[Data under study]

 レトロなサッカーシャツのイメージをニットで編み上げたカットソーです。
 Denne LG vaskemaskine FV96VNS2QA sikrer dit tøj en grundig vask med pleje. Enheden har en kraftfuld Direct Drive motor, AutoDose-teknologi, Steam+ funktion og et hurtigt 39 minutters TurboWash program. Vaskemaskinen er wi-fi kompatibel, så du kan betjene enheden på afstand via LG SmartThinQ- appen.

[/Data under study]
[Data under study]

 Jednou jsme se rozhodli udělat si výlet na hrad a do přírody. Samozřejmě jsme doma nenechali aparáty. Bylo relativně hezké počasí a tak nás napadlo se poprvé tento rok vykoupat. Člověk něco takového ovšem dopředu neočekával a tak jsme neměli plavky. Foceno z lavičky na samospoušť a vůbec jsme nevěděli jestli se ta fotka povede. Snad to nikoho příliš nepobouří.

[/Data under study]

Task description:
Your task is to retype the entries verbatim, starting with the line that holds "レトロなサッカーシャツのイメージをニットで編み上げたカットソーです。" and stopping after the line that holds "Denne LG vaskemaskine".

Problem solution:
 レトロなサッカーシャツのイメージをニットで編み上げたカットソーです。
 Denne LG vaskemaskine FV96VNS2QA sikrer dit tøj en grundig vask med pleje. Enheden har en kraftfuld Direct Drive motor, AutoDose-teknologi, Steam+ funktion og et hurtigt 39 minutters TurboWash program. Vaskemaskinen er wi-fi kompatibel, så du kan betjene enheden på afstand via LG SmartThinQ- appen.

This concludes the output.